Born in Toronto, Mara was elected to four terms in the Legislative Assembly of British Columbia. He sat in the provincial legislature as the member from Kootenay (1871 to 1875) and then from Yale (1875 to 1886). He ran as an Independent, as a Reform supporter, and as both a Government and Opposition supporter - this was before political parties were organized to contest provincial elections. He served as Speaker of the Legislature between January 1883 and June 1886. Federally, Mara was a Conservative and was twice acclaimed as a Member of Parliament in the federal riding of Yale before being defeated by Hewitt Bostock in the 1896 election in the new riding of Yale—Cariboo.

Mara's greater claim to fame (or infamy) is the alleged rape and pregnancy of Annie McLean, the sister of the "Wild McLean Boys". The McLeans were the halfbred children of the former HBC factor at Kamloops, Donald McLean, who had died in the Chilcotin War. Mara's alleged outrage of their sister led to the McLean brothers' bloody rampage across the Nicola Country and the death of provincial magistrate and gold commissioner Johnny Ussher.

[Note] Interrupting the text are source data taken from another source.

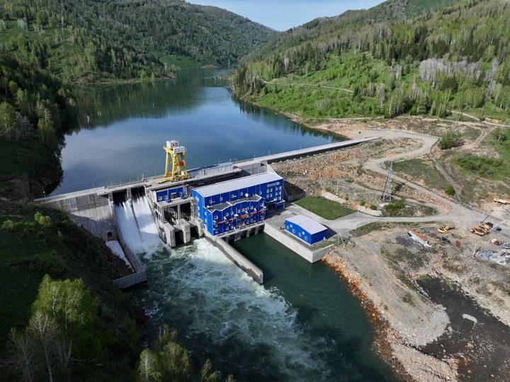这是2025年5月8日在哈萨克斯坦东哈州拍摄的图尔古孙水电站(无人机照片)。新华社记者 李任滋 摄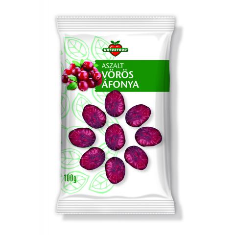 Naturfood aszalt vörösáfonya 100 g Fogyasztható közvetlenül csemegeként, felhasználható müzlik, joghurtok ízesítésére, sütemények készítéséhez. Összetevők: Aszalt vörös áfonya, cukor, napraforgó olaj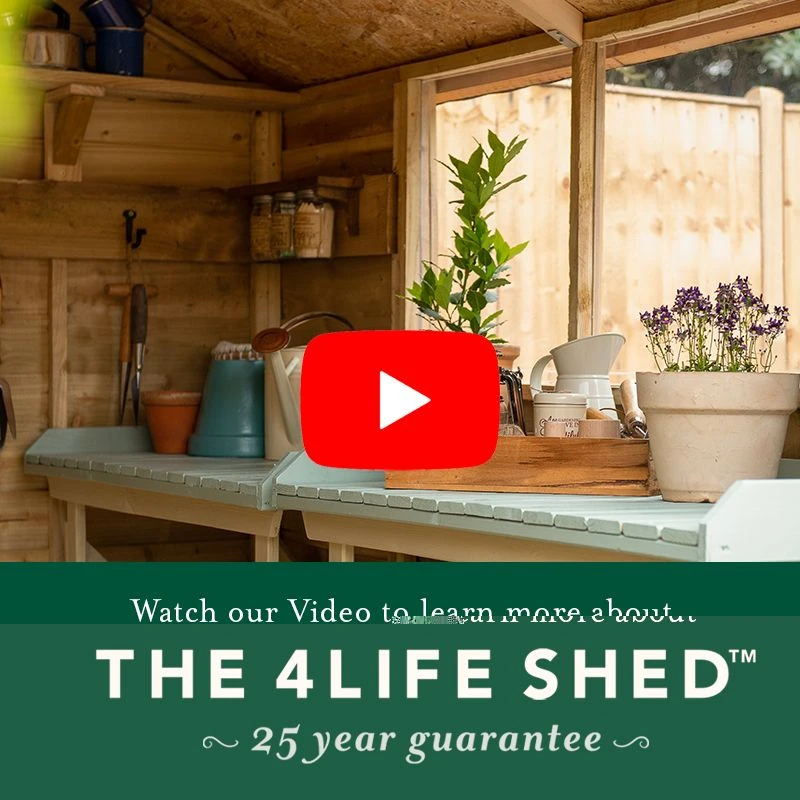 This garden shed is expertly designed and built by Britain’s leading manufacturer of wooden sheds. Pressure treated and supplied with an extraordinary 25-year anti-rot guarantee, which is the longest guarantee on the market, the wood will never need retreating, sparing you the inconvenience of costly, time-consuming maintenance and providing you with an unbeatably durable shed. You’ll only ever need one shed with a 4Life™ Shed!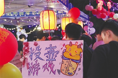 在游戏区,游戏的设计充分结合了学院的特色和浓厚的节日氛围,套鸭子、猜灯谜、蒙眼敲锣等传统游戏依然大受参与者青睐;化学与化工学院的“你能抓住氢原子吗?”“可逆反应”让师生在游戏的同时感受到学科的魅力;美术学院的“大漆工艺之艺术之旅”“画龙点睛”将传统文化与美术相结合,让同学们在游戏中接受了艺术的熏陶……各个社团的同学们载歌载舞,扮演动漫角色,充满了青春的活力。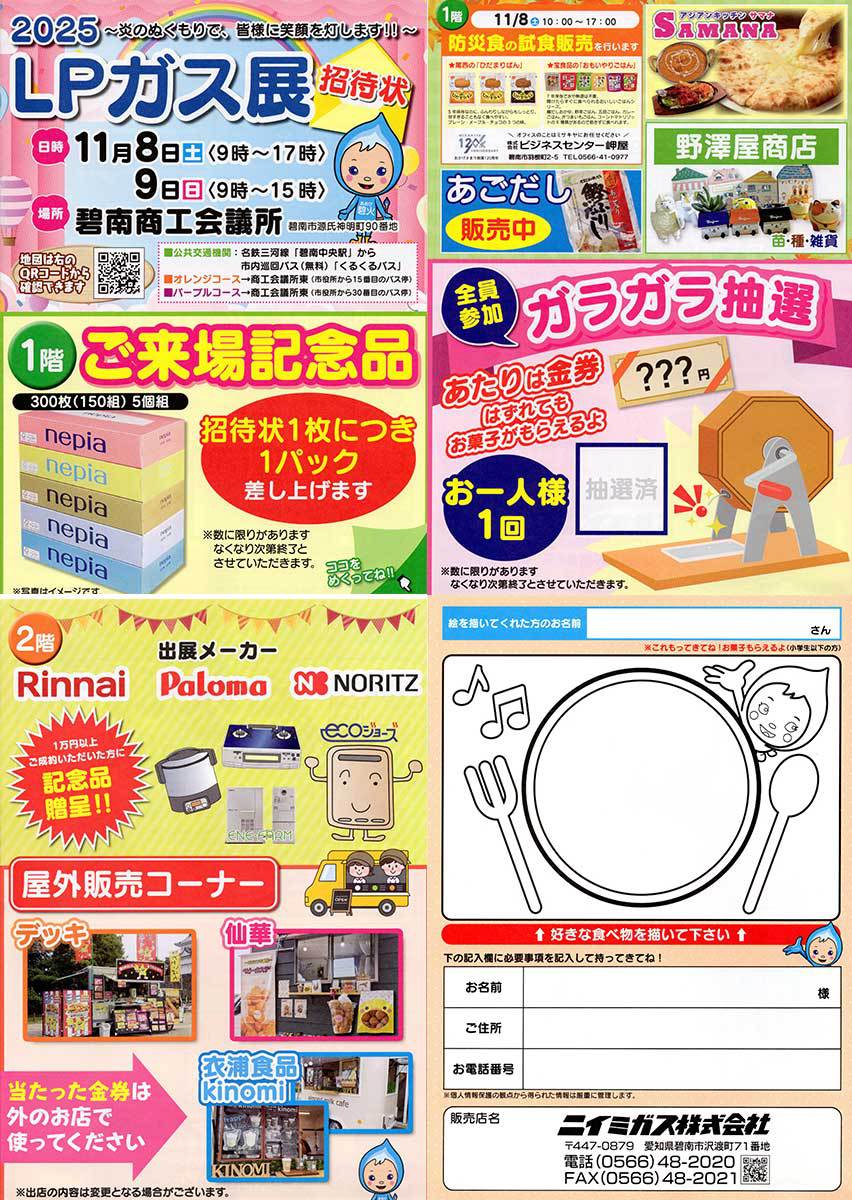 | 2025年9月28日 |   11月8日(土)と9日(日)は、LPガス展を碧南商工会議所で開催します。招待状は当社お客様に順次お配りしています。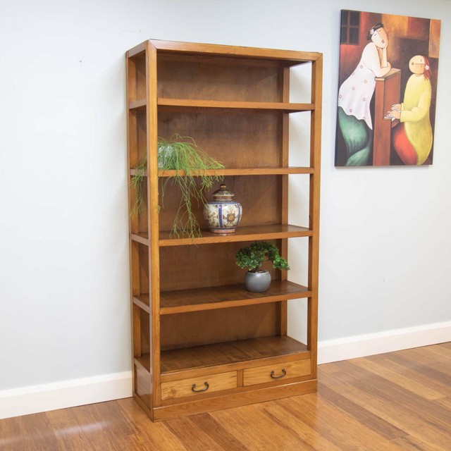 Retro Vintage Elm Timber 5 Tier Bookcase Bookshelf 2 Drawers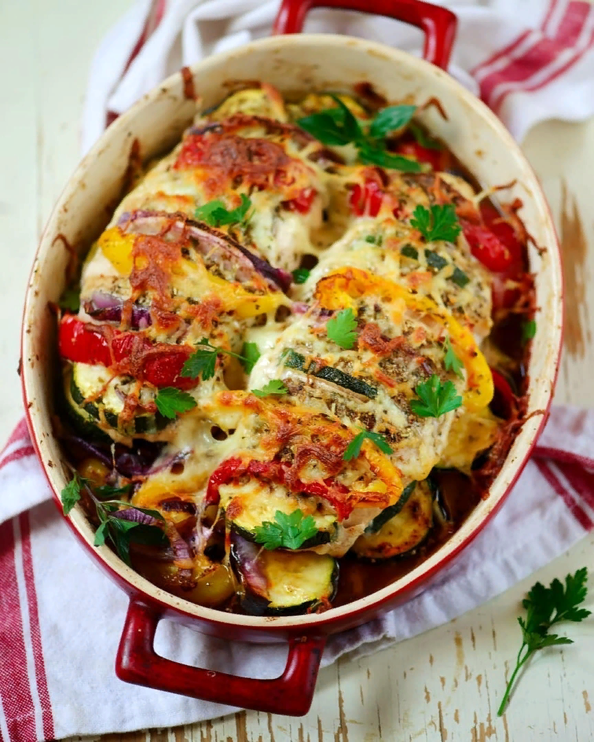 2. Овощи вымыть, перец и лук очистить. Нарезать перец полосками, лук тонкими полукольцами, помидоры и цукини — полукругом. Чередуя, вставить овощи в надрезы на грудках. Остальные овощи положить слоями в форму для запекания. Поперчить и посолить овощи, присыпать итальянскими травами. Положить грудки на овощи и посыпать итальянскими травами.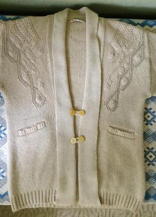 полу обхват: - грудь 64 см - бедра 60 см длина: - плечо 20 см; - рукав 54 см; - изделия 86 см высота проймы 30 см. материал: - шерсть; - акрил.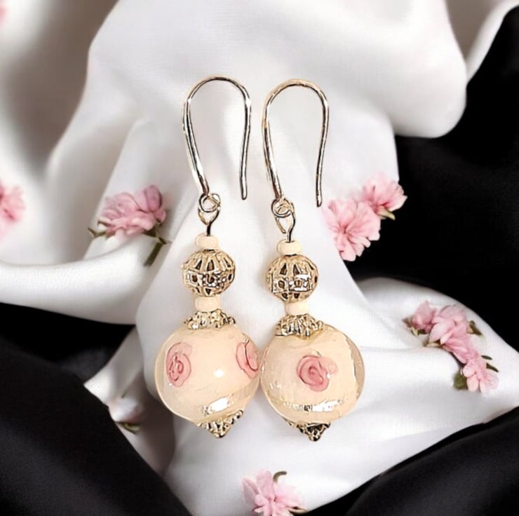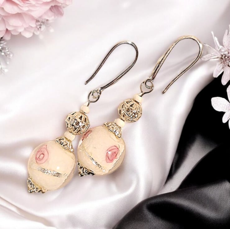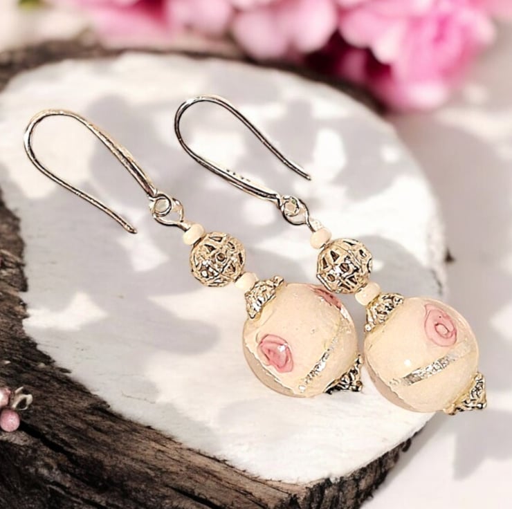 Delicate Roses and silver thread lampwork glass beads, hanging on Stirling silver ear wires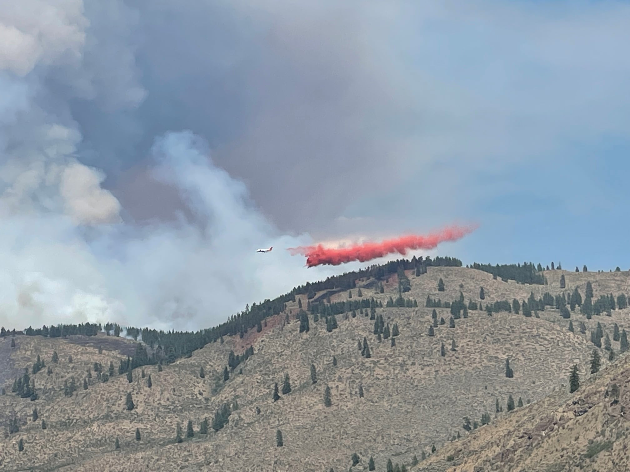 Firefighters are utilizing a suite of aircraft this afternoon on the Cub Creek 2 Fire, including this airtanker making a retardant drop on a ridgeline adjacent to Ramsey Peak.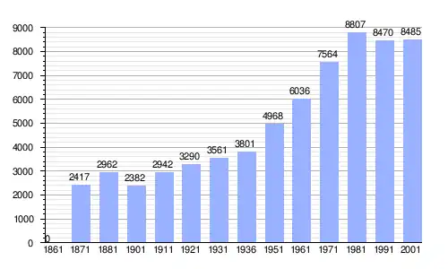 | Gráfica de evolución demográfica de Peschiera del Garda entre 1861 y 2001 |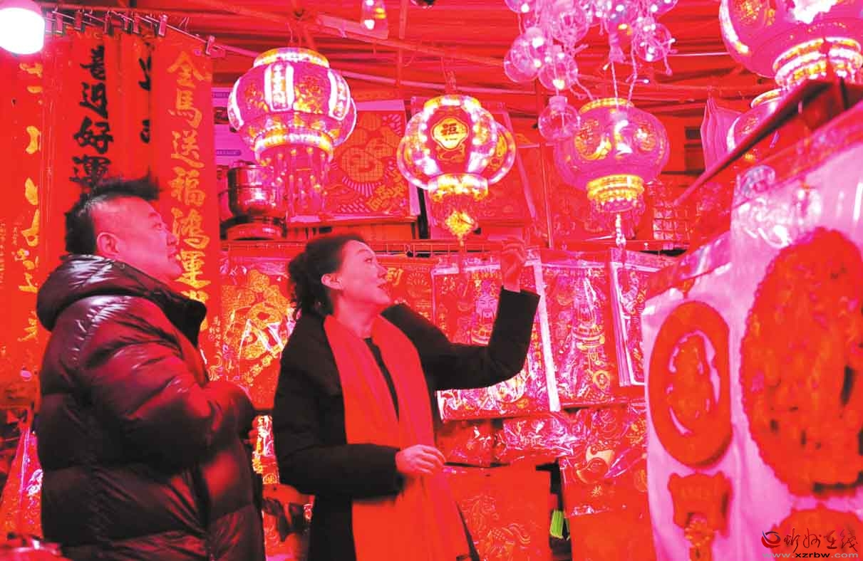 新春將近,寧武縣消費(fèi)市場年味濃郁,紅燈籠作為迎新春的經(jīng)典元素,成為年貨市場的“主角”。圖為市民正在采購燈籠。(吳光宇攝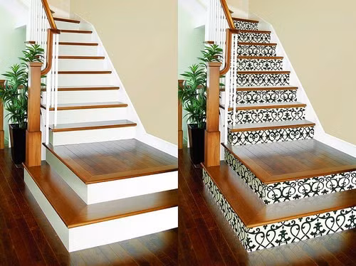 Phá cách với cầu thang bằng gạch bông đầy màu sắc.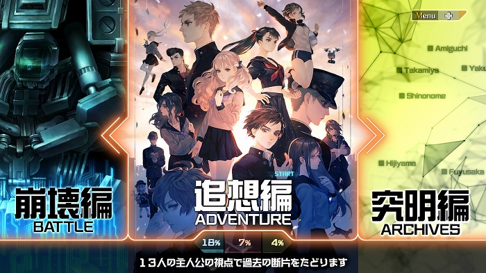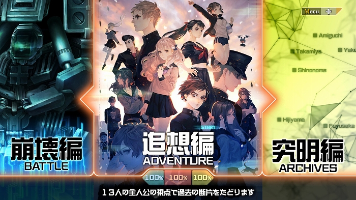 13人の主人公それぞれのストーリーを読み進めていく「追想編」、ストーリーの振り返りや世界観に関わる言葉が辞書のような形で読める「究明編」、そしてバトルパートの「崩壊編」の3種類があります。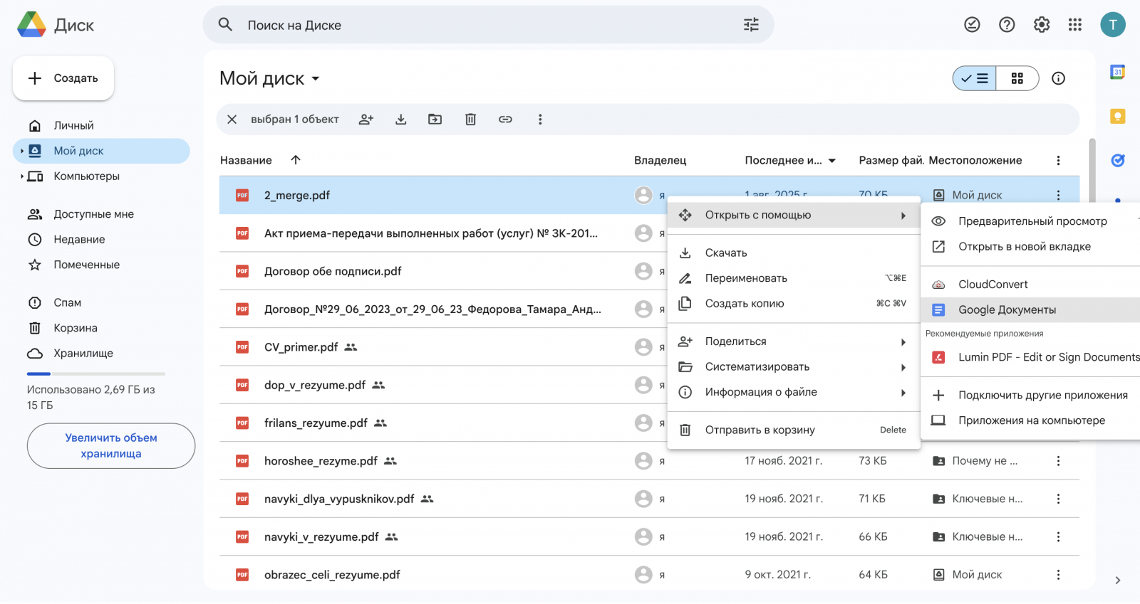 Этот способ выручит, если нужно не просто перевести PDF в Word, а сразу приступить к работе с текстом. В Google Docs можно комментировать фрагменты, обсуждать правки с коллегой и вносить изменения — хоть с телефона в метро, хоть с ноутбука в кафе. Ниже — инструкция, как превратить ПДФ в редактируемый документ.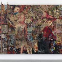 Time is fluid and malleable in Elliott Hundley’s three dimensional, mixed-media painting “the high house low!” (2011), an explosion of color and texture that sucks the viewer into a visual drama sparking with fire and rage. The four-panel assemblage work measuring more than 16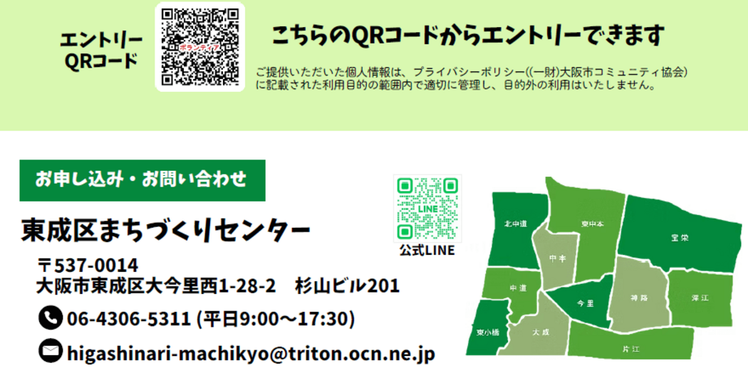 まずは東成区まちづくりセンターにご連絡、またはQRコードからご応募いただき、エントリーをお願いいたします。

Mara owned the large ranchlands between Enderby and Sicamous where the Okanagan and Shuswap countries meet. Mara Mountain east of the original ranch, and Mara Lake south of Sicamous, bear his name. Today Mara Lake Provincial Park on Mara Lake is now a popular tourist destination during the summer months. The village of Mara still exists south of Mara Lake along the Shuswap River.

Mara's wife Alice was the daughter of Frank Barnard, founder of the Barnard's Express Co. or "B.X.". Her brother, and therefore Mara's brother-in-law, was Sir Francis Stillman Barnard, 10th Lieutenant-Governor of British Columbia (1914–1919).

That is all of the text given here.